■ **Dataset section**:
━━━━━━

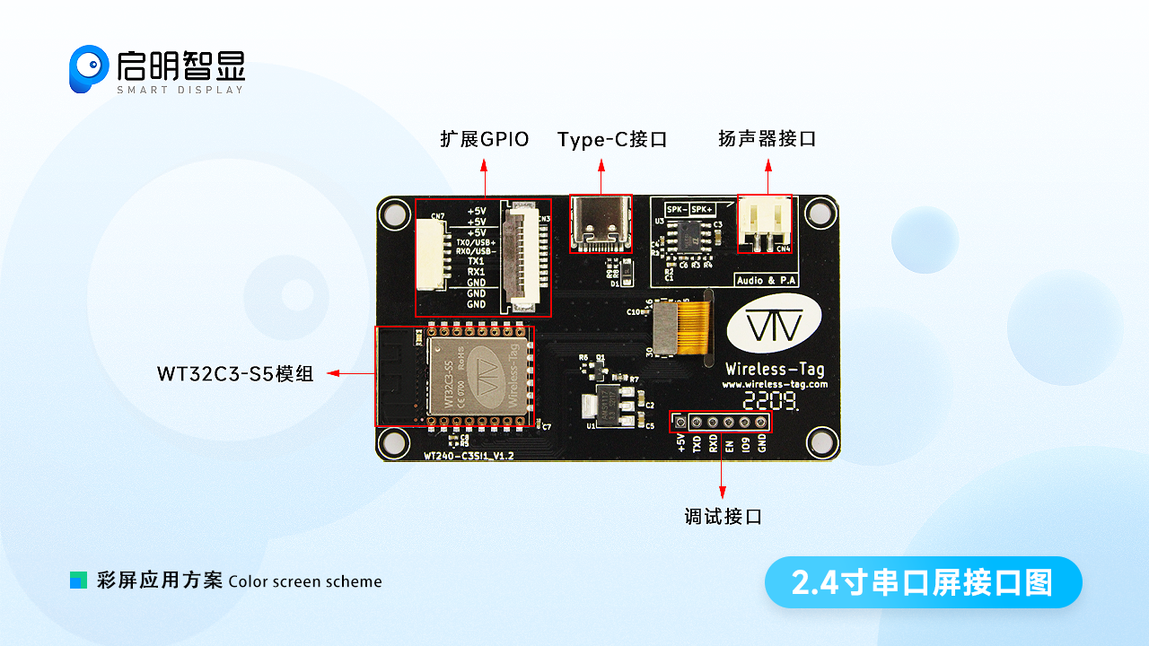 启明智显2.4寸串口屏,基于ESP32-C3与国产芯高效开发平台8ms设计开发的一款分辨率为320*240的IPS彩屏,支持WIFI、蓝牙,可实现设备联网、远程控制、数据可视化等功能,能够快速助力产品完成联网+彩屏+云端管理的升级应用。
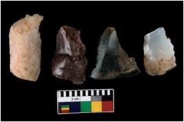 | Description / विवरण | There are n 4 ; worked utilized flakes; there are multidirectional irregular scar pattern on both dorsal and ventral face of the flakes. All are having sharp edges. Three of them are tapering at one end. |
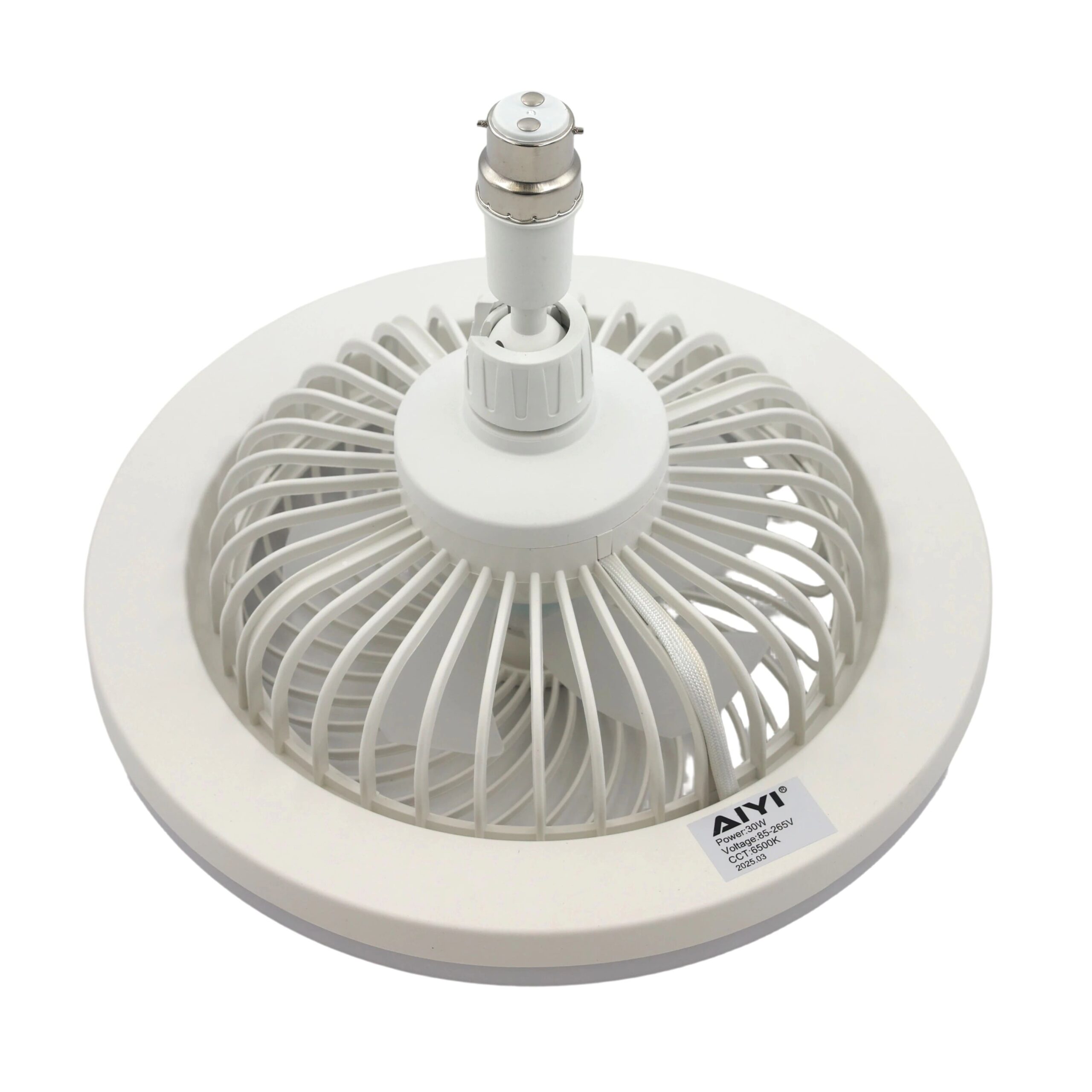 The AIYI 30W LED Ceiling Fan Light is a smart, space-saving solution that combines bright illumination and effective air circulation in a single ceiling fixture. Designed with a B22 bayonet fitting, it installs easily into standard light sockets without the need for rewiring or additional ceiling brackets.

━━━━━━

None of the pictures should appear; copy the rest of the material above exactly.

■ **Solution**:
 启明智显2.4寸串口屏,基于ESP32-C3与国产芯高效开发平台8ms设计开发的一款分辨率为320*240的IPS彩屏,支持WIFI、蓝牙,可实现设备联网、远程控制、数据可视化等功能,能够快速助力产品完成联网+彩屏+云端管理的升级应用。
 | Description / विवरण | There are n 4 ; worked utilized flakes; there are multidirectional irregular scar pattern on both dorsal and ventral face of the flakes. All are having sharp edges. Three of them are tapering at one end. |
 The AIYI 30W LED Ceiling Fan Light is a smart, space-saving solution that combines bright illumination and effective air circulation in a single ceiling fixture. Designed with a B22 bayonet fitting, it installs easily into standard light sockets without the need for rewiring or additional ceiling brackets.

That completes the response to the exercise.